Re: [PATCH] UML: add support for KASAN under x86_64

From: David Gow
Date: Tue May 24 2022 - 15:35:53 EST


+dja in case he has any KASAN_VMALLOC thoughts.

On Tue, May 24, 2022 at 3:34 AM Vincent Whitchurch
<vincent.whitchurch@xxxxxxxx> wrote:
>
> On Wed, Mar 11, 2020 at 11:44:37PM +0100, Johannes Berg wrote:
> > On Wed, 2020-03-11 at 15:32 -0700, Patricia Alfonso wrote:
> > > I'll need some time to investigate these all myself. Having just
> > > gotten my first module to run about an hour ago, any more information
> > > about how you got these errors would be helpful so I can try to
> > > reproduce them on my own.
> >
> > See the other emails, I was basically just loading random modules. In my
> > case cfg80211, mac80211, mac80211-hwsim - those are definitely available
> > without any (virtio) hardware requirements, so you could use them.
> >
> > Note that doing a bunch of vmalloc would likely result in similar
> > issues, since the module and vmalloc space is the same on UML.
>
> Old thread, but I had a look at this the other day and I think I got it
> working. Since the entire shadow area is mapped at init, we don't need
> to do any mappings later.

Wow -- thanks for looking at this again. It's been on my to-do list
for quite a while, too. I'd somewhat resigned myself to having to
re-implement the shadow memory stuff on top of page allocation
functions, so I'm particularly thrilled to see this working without
needing to do that.

>
> It works both with and without KASAN_VMALLOC. KASAN_STACK works too
> after I disabled sanitization of the stacktrace code. All kasan kunit
> tests pass and the test_kasan.ko module works too.

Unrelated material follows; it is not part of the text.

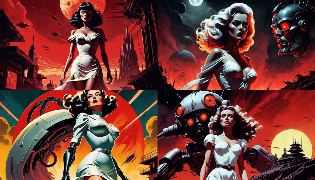This image shows a menacing robot with glowing eyes carrying a distressed woman in a flowing white dress against a stark red background, evoking a sense of 1950s sci-fi horror

I've got this running myself, and can confirm the kasan tests work
under kunit_tool in most cases, though there are a couple of failures
when built with clang/llvm:
[11:56:30] # kasan_global_oob_right: EXPECTATION FAILED at lib/test_kasan.c:732
[11:56:30] KASAN failure expected in "*(volatile char *)p", but none occurred
[11:56:30] not ok 32 - kasan_global_oob_right
[11:56:30] [FAILED] kasan_global_oob_right
[11:56:30] # kasan_global_oob_left: EXPECTATION FAILED at lib/test_kasan.c:746
[11:56:30] KASAN failure expected in "*(volatile char *)p", but none occurred
[11:56:30] not ok 33 - kasan_global_oob_left
[11:56:30] [FAILED] kasan_global_oob_left

The global_oob_left test doesn't work on gcc either (but fails on all
architectures, so is disabled), but kasan_global_oob_right should work
in theory.

>
> Delta patch against Patricia's is below. The CONFIG_UML checks need to
> be replaced with something more appropriate (new config? __weak
> functions?) and the free functions should probably be hooked up to
> madvise(MADV_DONTNEED) so we discard unused pages in the shadow mapping.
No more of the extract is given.